[Source data — start]

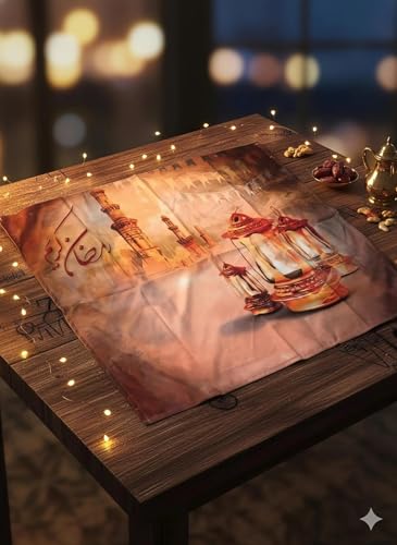 - مفرش طاولة رمضاني: مصنوع من القطيفة الفاخرة بنقشات ورسومات رمضانية مميزة تضفي أجواء روحانية على طاولتك خلال الشهر الكريم
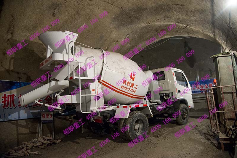小型攪拌車在隧道里施工
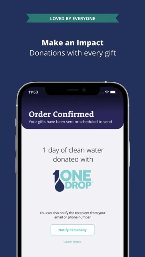 Recipients get to choose where to redeem from thousands of merchant locations, and one day of clean water is donated with every gift sent makes a positive social impact.
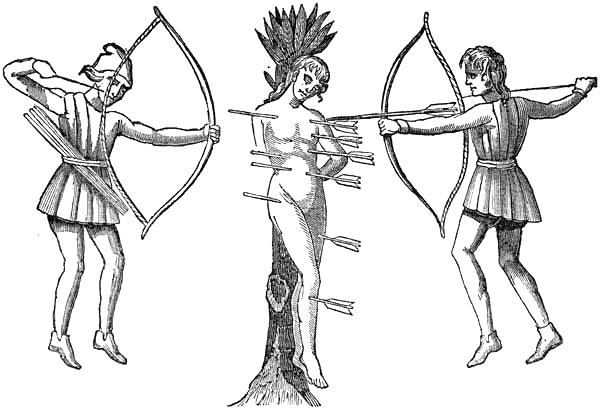 [615] “You may read in Lucian, in that sweet dialogue, which is entitled, Toxaris; or, of Friendship, that the common oath of the Scythians was by the sword, and by the fire, for that they accounted those two speciall divine powers, which should worke vengeance on the perjurers. So doe the Irish at this day, when they goe to battaile, say certaine prayers or charmes to their swords, making a crosse therewith upon the earth, and thrusting the points of their blades into the ground, thinking thereby to have the better successe here in fight. Also they use commonly to swear by their swords” (Spenser).

[Source data — finish]

> **What is being asked**
Copy every line above exactly; images stay out.

> **Result of the task**
 - مفرش طاولة رمضاني: مصنوع من القطيفة الفاخرة بنقشات ورسومات رمضانية مميزة تضفي أجواء روحانية على طاولتك خلال الشهر الكريم
小型攪拌車在隧道里施工
 Recipients get to choose where to redeem from thousands of merchant locations, and one day of clean water is donated with every gift sent makes a positive social impact.
 [615] “You may read in Lucian, in that sweet dialogue, which is entitled, Toxaris; or, of Friendship, that the common oath of the Scythians was by the sword, and by the fire, for that they accounted those two speciall divine powers, which should worke vengeance on the perjurers. So doe the Irish at this day, when they goe to battaile, say certaine prayers or charmes to their swords, making a crosse therewith upon the earth, and thrusting the points of their blades into the ground, thinking thereby to have the better successe here in fight. Also they use commonly to swear by their swords” (Spenser).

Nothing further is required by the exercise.